Term frequency-inverse document frequency is a numerical statistic used to indicate how important a word is to each document in a collection of documents, or a corpus.
When applying tf-idf to a corpus, each word is given a tf-idf score for each document, representing the relevance of that word to the particular document. A higher tf-idf score indicates a term is more important to the corresponding document.
Tf-idf has many similarities with the bag-of-words language model, which if you recall is concerned with word count — how many times each word appears in a document.
While tf-idf can be used in any situation bag-of-words can be used, there is a key difference in how it is calculated.
Tf-idf relies on two different metrics in order to come up with an overall score:
- term frequency, or how often a word appears in a document. This is the same as bag-of-words’ word count.

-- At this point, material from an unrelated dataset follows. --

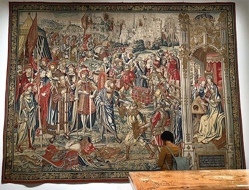 特展中最大的一件掛毯〈人的創造與墮落〉,收購於約1502年。這幅掛毯在規模、設計和材料上都是一流的,符合亨利七世購買它時的雄心壯志,是系列中之一。若十幅全掛上,會延伸三百多英尺。儘管其他歐洲皇室成員也購買了採用相同設計的掛毯,但亨利的掛毯是唯一一款採用金銀線編織而成的掛毯。亨利七世、八世兩代國王收藏的掛毯超過2500件,像這樣成組系列的大手筆相當於當時一艘戰艦的造價。而這種系列性的掛毯在都鐸王朝的收藏中有十幾組。

- inverse document frequency, which is a measure of how often a word appears in the overall corpus. By penalizing the score of words that appear throughout a corpus, tf-idf can give better insight into how important a word is to a particular document of a corpus.
We will dig into each component of tf-idf in the next two exercises.
The code in script.py is used to apply tf-idf to a corpus of documents and display the scores as a DataFrame in the web browser component. The current code is incomplete, so the DataFrame is not yet appearing!
Like with many natural language processing tasks, we must preprocess our text data before applying a technique. Paste the below line of code into the “preprocess documents” section of script.py to preprocess each document in the corpus. Then run the code.
processed_corpus = [preprocess_text(doc) for doc in corpus]
You should now see what is known as a term-document matrix in the browser. Each row of the table represents a term, and each column of the table represents a document. The value in each cell indicates the tf-idf score for each term-document pair.
Try changing the text in
document_3 and re-running the code. How do the tf-idf values change?